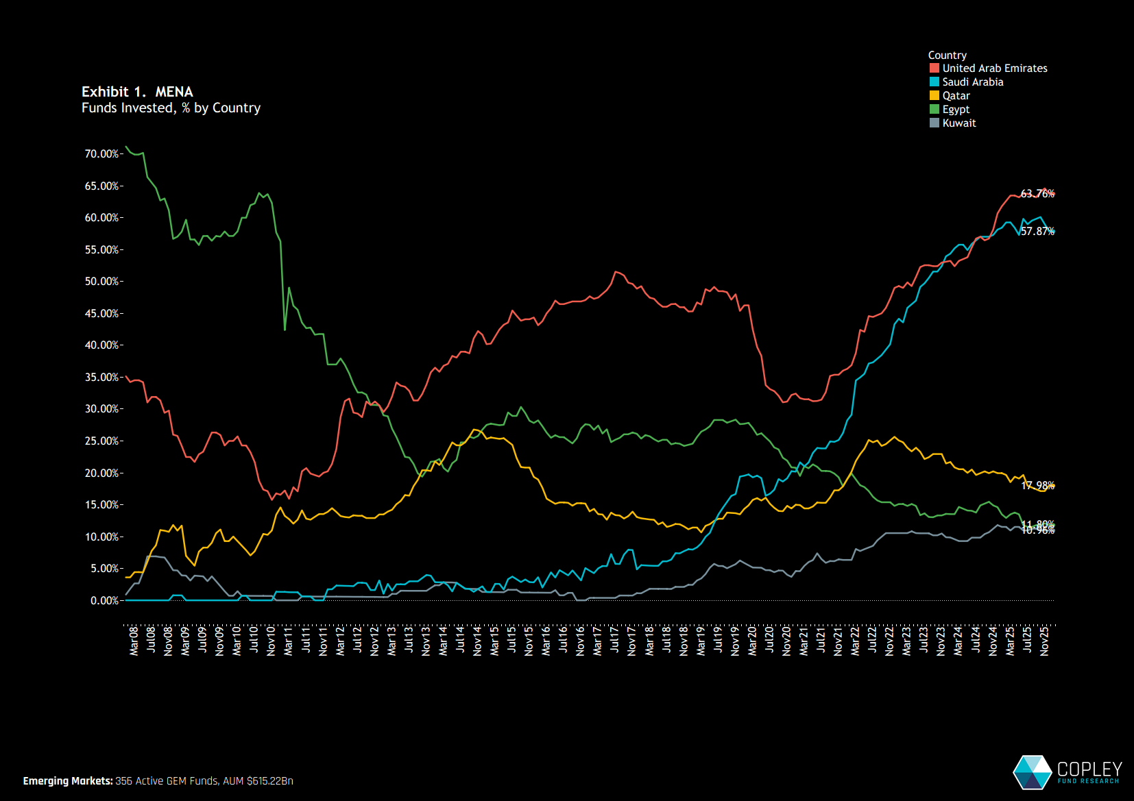 At the country level, MENA investment growth has been driven almost entirely by Saudi Arabia and the United Arab Emirates. Both markets have seen sustained increases in ownership since early 2020, with participation rising broadly in tandem over the subsequent years. While momentum has eased recently, the UAE overtook Saudi Arabia in outright ownership at the end of 2024 and remains ahead today, held by 63.8% of funds versus 57.9% for Saudi.
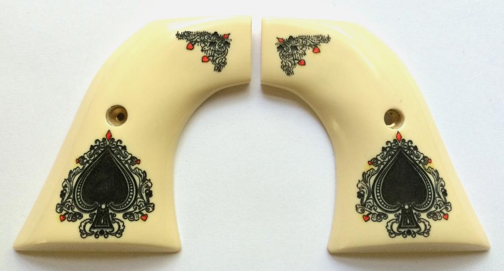 Ruger Blackhawk, Single Six, Old Army Grips EtcBonded Ivory.Scrimshaw Gambler Design.Please Note:Overtigtening of the screw on these grips, may cause them to break or crack, if this happens no warranty is given.
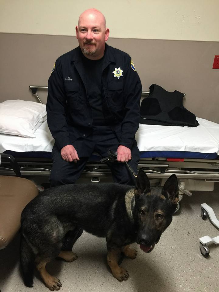 “Both Officers are going to be just fine. Scott Goin sustained minor injuries and was treated and released from Sierra Nevada Memorial Hospital. Rüdiger was seen by his veterinarian, Dr. Susan Murphy, Four Paws Animal Clinic in Nevada City. He has bruising and may be sore for a few days but is expected to make a full recovery.”
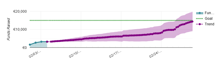 The data for the approximated trends for the campaign are not looking good. As you can see from the image, the current trend is falling below the funding goal, as the amount of pledges has basically plateaued.
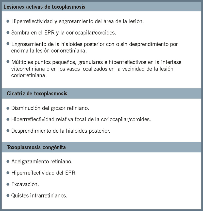 Se han identificado, mediante las imágenes de OCT, características que diferencian entre lesiones activas e inactivas por toxoplasmosis. Las lesiones activas se caracterizan por ser áreas intraretinianas hiperreflectivas correspondientes a focos de retinitis.
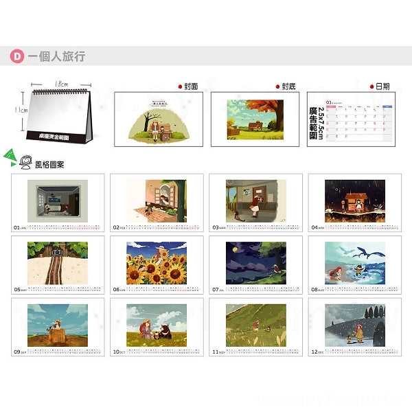- 桌曆紙張:200g銅西/150g銅版(內頁13張雙面)

#### GOAL OF THE EXERCISE
What is needed is an exact copy of the lines from the beginning of the data through the line containing "Officers are going", both included, without any pictures.

#### EXERCISE RESULT
 At the country level, MENA investment growth has been driven almost entirely by Saudi Arabia and the United Arab Emirates. Both markets have seen sustained increases in ownership since early 2020, with participation rising broadly in tandem over the subsequent years. While momentum has eased recently, the UAE overtook Saudi Arabia in outright ownership at the end of 2024 and remains ahead today, held by 63.8% of funds versus 57.9% for Saudi.
 Ruger Blackhawk, Single Six, Old Army Grips EtcBonded Ivory.Scrimshaw Gambler Design.Please Note:Overtigtening of the screw on these grips, may cause them to break or crack, if this happens no warranty is given.
 “Both Officers are going to be just fine. Scott Goin sustained minor injuries and was treated and released from Sierra Nevada Memorial Hospital. Rüdiger was seen by his veterinarian, Dr. Susan Murphy, Four Paws Animal Clinic in Nevada City. He has bruising and may be sore for a few days but is expected to make a full recovery.”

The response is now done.